Oil-bearing crops including hemp, soy, sunflower, peanuts and canola provide a sustainable alternative to petroleum. The earliest diesel engine, displayed at the World’s Fair in St. Louis in 1900, ran on peanut oil. Today’s biodiesel is often made from spent frying oil from restaurants, giving it the environmental beauty of recycling, the political beauty of being readily available without import, the aesthetic beauty of smelling like popcorn, and the sustainable beauty of being significantly less polluting and greenhouse gas-producing than petroleum.

My friend Ano Tarletz runs his farm truck on homemade bio-diesel. He says it takes one restaurant to support one truck. Since the restaurant pays Ano to take away their spent frying oil, his diesel fuel costs him “minus twenty cents per gallon.” Artist Shari Elf does not make her own bio-diesel—a neighbor who does delivers a 55 gallon drum to her house, from which she gasses up her new diesel Volkswagen Jetta. She pays $3.50 per gallon for it, but says it’s worth it.

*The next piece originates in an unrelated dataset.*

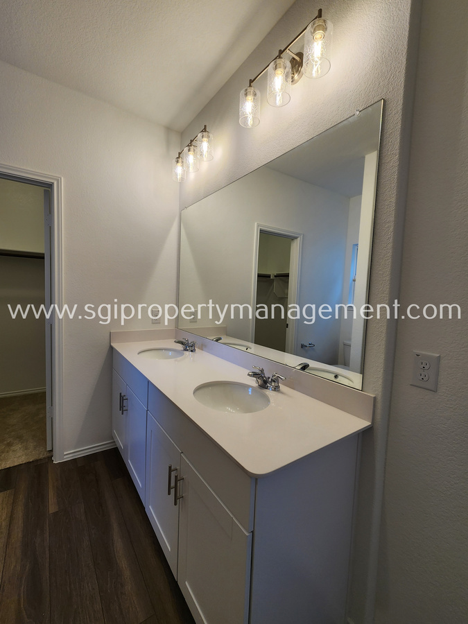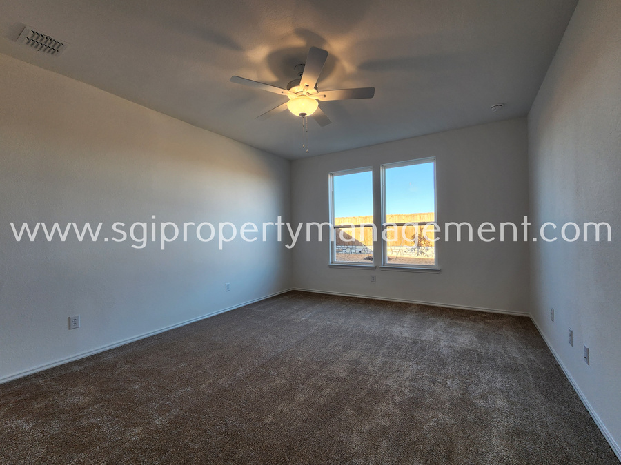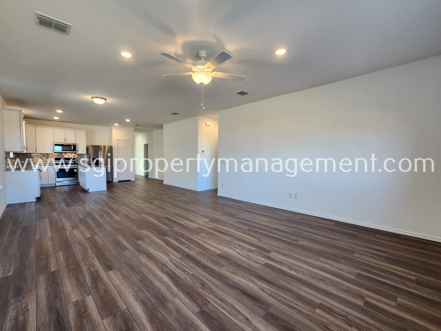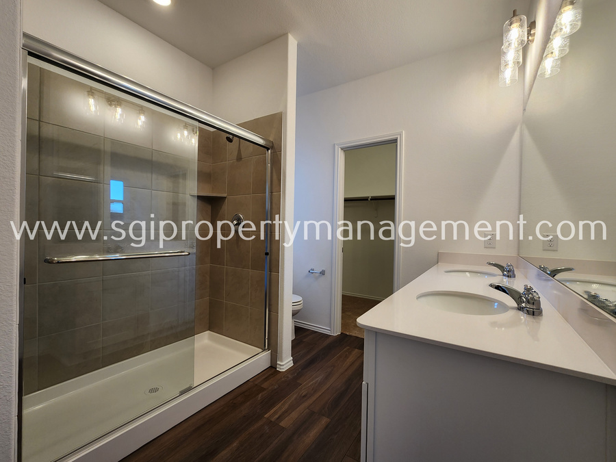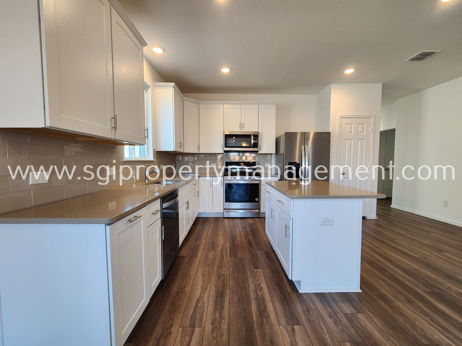 Well thought out 4 Bedroom Floor plan. 4th Bed upfront has it's own Ensuite bathroom and Walk in Closet. Master Bedroom Tucked away in the Back on it's own and has a Large Walk in Closet, Separate Shower and Tub as well as Dual Sinks.Wide Open Floor plan With Spacious Kitchen with SS. Appliances, Quartz Counters, and Island. Big Backyard with plenty of room to run. Set up a Showing Today. Lessee to verify all facts. Pets conditional.

Another large scale crop that makes my heart sing is kenaf, a relative of cotton and okra, grown as a tree-free paper, fabric and industrial fiber. It grows up to eighteen feet in five months, uses no harmful chemicals in processing, and is fully recyclable. Kenaf paper saves forests. We need to support this industry! I look for kenaf products when I buy cards and stationery.

Food Grade Plastic

Which plastics pose health hazards as containers for food or drink?

This information is from the Green Guide:

Look on the bottom of the plastic container for the recycling logo (a triangle of three arrows) with a number inside it. Sometimes, on very small containers, the number appears without a logo.

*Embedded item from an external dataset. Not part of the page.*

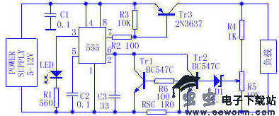 若负载出现过压,则经R4、R5、D1后Tr2导通,也使555触发,Tr3这时也将负载隔离。

The plastics that pose no known health hazards:

1. Polyethylene Terephthalate (PET or PETE)

2. High Density Polyethylene (HDPE)

4. Low Density Polyethylene (LDPE)

5. Polypropylene (PP)

Plastics with potential health hazards:

3. Polyvinyl Chloride (PVC or vinyl)
Some research has shown that the phthalates in PVC food wraps and vinyl flooring are endocrine disruptors linked to various health problems. Water and vegetable oils sometimes are bottled in PVC, and many toys and baby teethers contain PVC.

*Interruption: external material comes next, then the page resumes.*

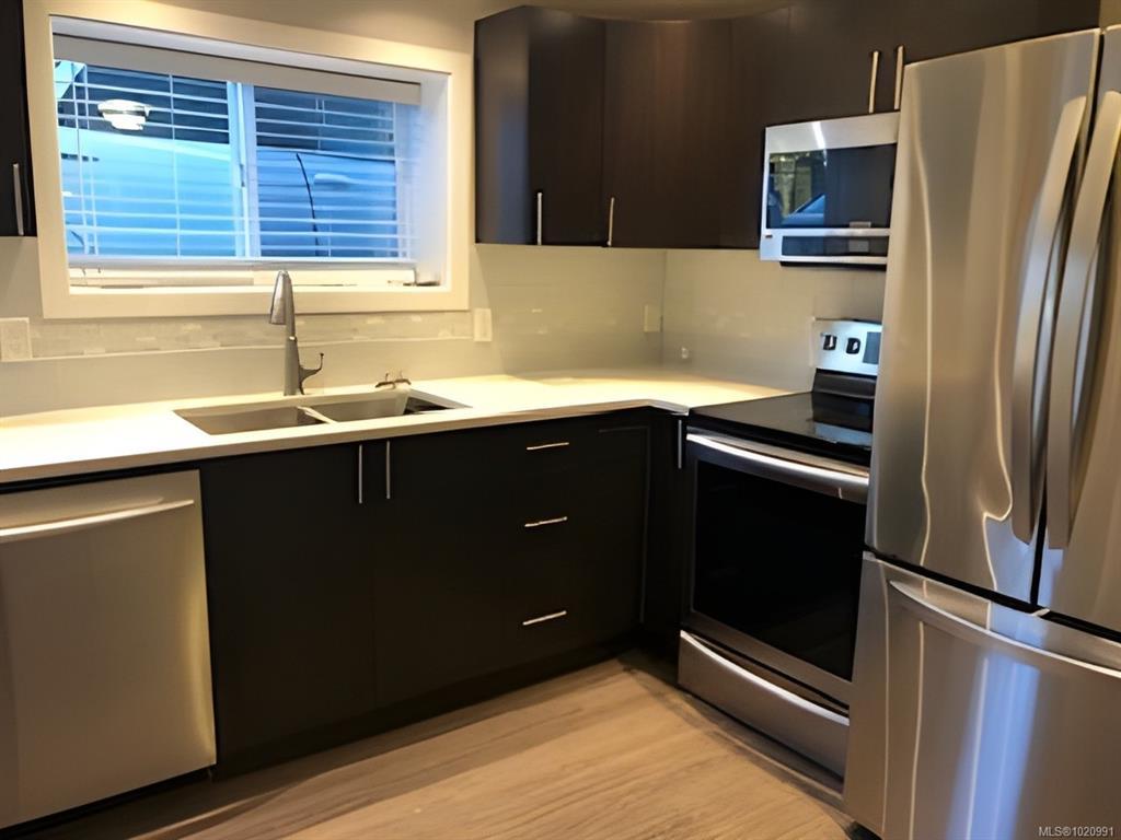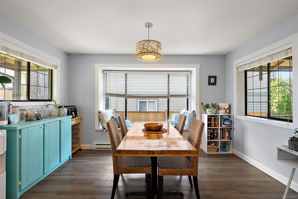 Beautifully maintained home in one of View Royal’s most connected & convenient neighbourhoods with income potential! This 5-bed, 3-bath property offers a versatile layout featuring a spacious main-level living area & a self-contained suite below. The main floor showcases a tastefully updated kitchen complete w/ stainless steel appliances & a functional eat-in island, flowing into a bright & comfortable living space w/ 3 beds, 2 baths, lower kitchenette + flex space. The lower level also includes a 2-bed suite with its own separate entrance—ideal for extended family, added income, or multi-generational living quarters. The lot itself is a true standout—flat, sunny, & private w/ lovely curb appeal, welcoming front porch, & mature privacy hedging. Tucked on a quiet street, yet just steps from the Rail Trail, View Royal Park, Portage Inlet, & Admirals Walk Shopping, this is a rare opportunity to enjoy flexible living in a family-friendly neighborhood with everything at your fingertips.

6. Polystyrene (PS or Styrofoam)
Styrene is a possible carcinogen and endocrine disruptor. Avoid consuming hot liquids, fatty foods or alcoholic drinks from styrofoam containers, as these leach out styrene. Some opaque plastic cutlery is PS as well.

7. Other resins, including polycarbonate (PC):
Bisphenol-A (BPA), a main building block for PC products, is an endocrine disruptor. Most clear baby bottles and five gallon water bottles, as well as Lexan (Nalgene) water bottles and plastic-lined food cans, are made of PC.